- Directed by: Michael Coonce
- Written by: Michael Coonce
- Produced by: Jeremy Colbert Michael Coonce John Craddock Dan Nicol Jody Pucello Qutayba Salem
- Starring: Erica Leerhsen Matthew S. Harrison Peter Speach David Fine Michael Cauchon
- Cinematography: Alan McIntyre Smith
- Release dates: March 6, 2009 (Lake County Film Festival); April 20, 2009 (United States);
- Running time: 95 minutes
- Country: United States
- Language: English

= Lonely Joe =

Lonely Joe is a 2009 horror film which stars Erica Leerhsen. The film has been said to be a Supernatural Horror/Thriller "in the veins of Saw and The Sixth Sense". The film is inspired by real events that took place in South Texas in the 1980s.

==Plot==
Lonely Joe revolves around Michele Connelly (Erica Leerhsen), a New York City reporter who returns to her hometown 10 years after the mysterious murder of her younger brother to investigate and find out what actually happened several years ago.

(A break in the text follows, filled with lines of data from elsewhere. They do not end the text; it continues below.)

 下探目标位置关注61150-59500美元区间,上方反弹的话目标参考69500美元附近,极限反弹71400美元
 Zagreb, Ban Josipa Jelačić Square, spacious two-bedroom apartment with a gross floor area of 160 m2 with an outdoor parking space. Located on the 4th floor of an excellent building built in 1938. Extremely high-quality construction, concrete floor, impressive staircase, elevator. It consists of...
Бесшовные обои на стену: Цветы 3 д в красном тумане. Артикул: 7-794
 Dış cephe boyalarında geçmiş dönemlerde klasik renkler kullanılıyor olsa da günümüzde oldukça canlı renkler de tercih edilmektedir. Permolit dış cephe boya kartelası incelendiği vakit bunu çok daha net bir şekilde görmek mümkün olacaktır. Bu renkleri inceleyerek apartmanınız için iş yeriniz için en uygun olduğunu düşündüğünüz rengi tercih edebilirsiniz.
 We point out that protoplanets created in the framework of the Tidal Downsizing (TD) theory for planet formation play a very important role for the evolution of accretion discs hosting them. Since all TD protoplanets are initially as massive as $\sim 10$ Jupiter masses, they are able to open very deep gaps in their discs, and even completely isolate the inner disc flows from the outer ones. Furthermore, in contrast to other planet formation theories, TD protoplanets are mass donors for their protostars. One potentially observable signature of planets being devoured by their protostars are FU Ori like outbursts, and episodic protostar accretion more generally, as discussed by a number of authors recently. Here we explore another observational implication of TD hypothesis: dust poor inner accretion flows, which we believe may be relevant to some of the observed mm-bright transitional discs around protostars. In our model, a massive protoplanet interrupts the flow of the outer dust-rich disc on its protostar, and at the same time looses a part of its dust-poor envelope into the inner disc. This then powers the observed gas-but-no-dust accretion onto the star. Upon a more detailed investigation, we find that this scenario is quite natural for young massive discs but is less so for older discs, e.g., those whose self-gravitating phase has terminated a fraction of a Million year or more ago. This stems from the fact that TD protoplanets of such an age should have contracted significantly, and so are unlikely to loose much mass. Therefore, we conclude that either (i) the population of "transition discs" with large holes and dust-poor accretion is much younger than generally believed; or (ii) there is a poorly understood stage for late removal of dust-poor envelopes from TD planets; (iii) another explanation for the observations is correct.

However, soon after Michele discovers a trail of bodies dating back more than fifty years, she finds herself feeling as if she is part of the story she is investigating.

==Production==
Lonely Joe began production in October 2007, in the towns of Solvay, Syracuse, Elbridge, and Geddes, New York. The film wrapped principal photography on November 6, 2007. A "post-production teaser" was cut from dailies, and placed on-line on November 7, 2007.

Doing her own stunts for the film, Erica Leerhsen was nearly hit by the train used in the dream sequence when she lost her balance and lunged forward. Her scene was shot with her only 12 inches from the side of the train as it passed by at 30 miles per hour. Unshaken, she insisted on shooting the scene again.